▶ **Directions**
The task for the listing below is to write out exactly the lines starting at the one containing "Sumeet Stainless Steel" and ending at the one containing "各学生组织迎新成员在桃苑五号", both included. Pictures are to be omitted.

-------- Given data

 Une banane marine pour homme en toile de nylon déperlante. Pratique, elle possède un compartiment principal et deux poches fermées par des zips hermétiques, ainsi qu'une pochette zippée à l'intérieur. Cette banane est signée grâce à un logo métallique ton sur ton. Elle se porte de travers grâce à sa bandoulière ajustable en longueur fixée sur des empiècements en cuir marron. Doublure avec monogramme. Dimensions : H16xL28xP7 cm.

----------------
-------- Given data

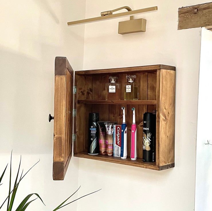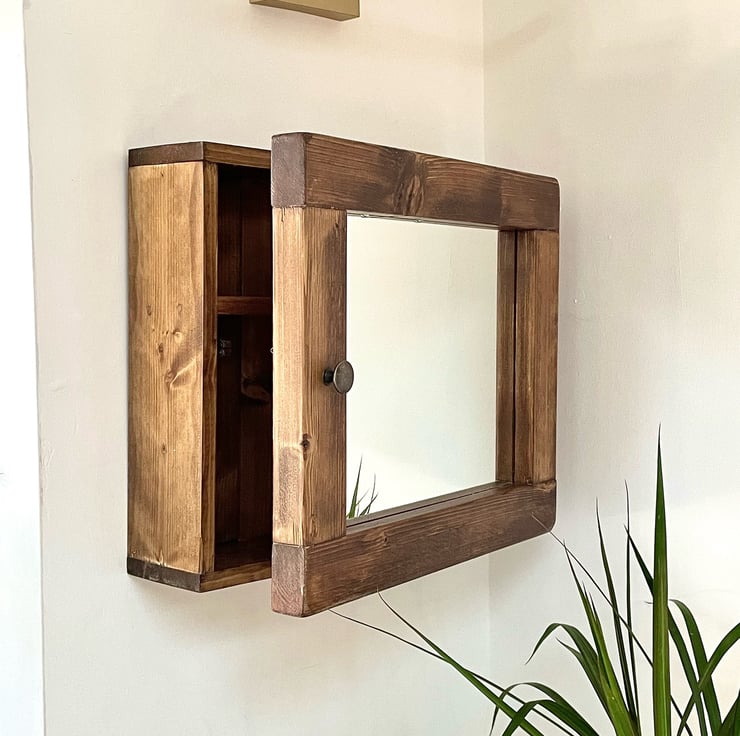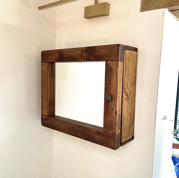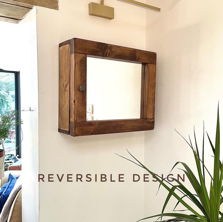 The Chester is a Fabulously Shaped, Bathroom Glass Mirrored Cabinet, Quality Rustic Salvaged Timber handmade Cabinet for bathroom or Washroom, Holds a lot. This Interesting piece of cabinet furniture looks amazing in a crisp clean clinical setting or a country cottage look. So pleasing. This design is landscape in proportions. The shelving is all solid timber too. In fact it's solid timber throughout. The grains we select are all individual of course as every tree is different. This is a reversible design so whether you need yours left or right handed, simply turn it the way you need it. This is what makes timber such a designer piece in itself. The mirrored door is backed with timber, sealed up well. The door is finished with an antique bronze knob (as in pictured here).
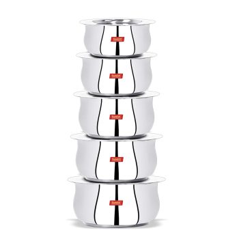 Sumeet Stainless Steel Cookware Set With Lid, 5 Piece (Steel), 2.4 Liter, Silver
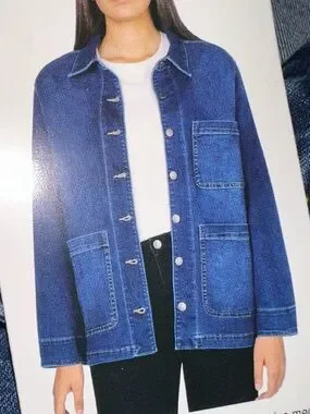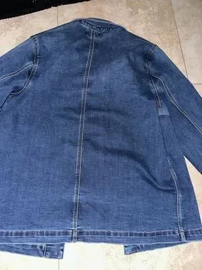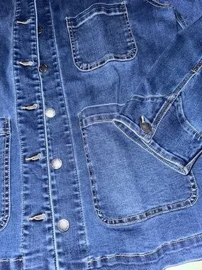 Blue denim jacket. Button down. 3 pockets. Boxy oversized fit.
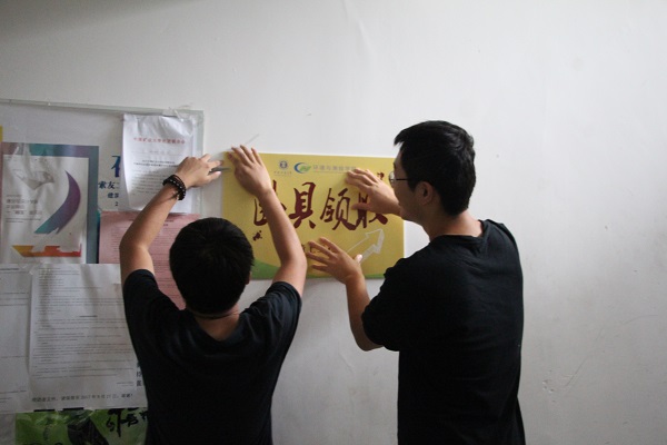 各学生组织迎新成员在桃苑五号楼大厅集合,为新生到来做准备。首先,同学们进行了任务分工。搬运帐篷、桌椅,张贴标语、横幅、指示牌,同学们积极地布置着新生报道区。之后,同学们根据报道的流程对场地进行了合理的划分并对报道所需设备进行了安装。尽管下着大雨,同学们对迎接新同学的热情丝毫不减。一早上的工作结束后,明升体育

----------------

▶ **Exercise solution**
 Sumeet Stainless Steel Cookware Set With Lid, 5 Piece (Steel), 2.4 Liter, Silver
 Blue denim jacket. Button down. 3 pockets. Boxy oversized fit.
 各学生组织迎新成员在桃苑五号楼大厅集合,为新生到来做准备。首先,同学们进行了任务分工。搬运帐篷、桌椅,张贴标语、横幅、指示牌,同学们积极地布置着新生报道区。之后,同学们根据报道的流程对场地进行了合理的划分并对报道所需设备进行了安装。尽管下着大雨,同学们对迎接新同学的热情丝毫不减。一早上的工作结束后,明升体育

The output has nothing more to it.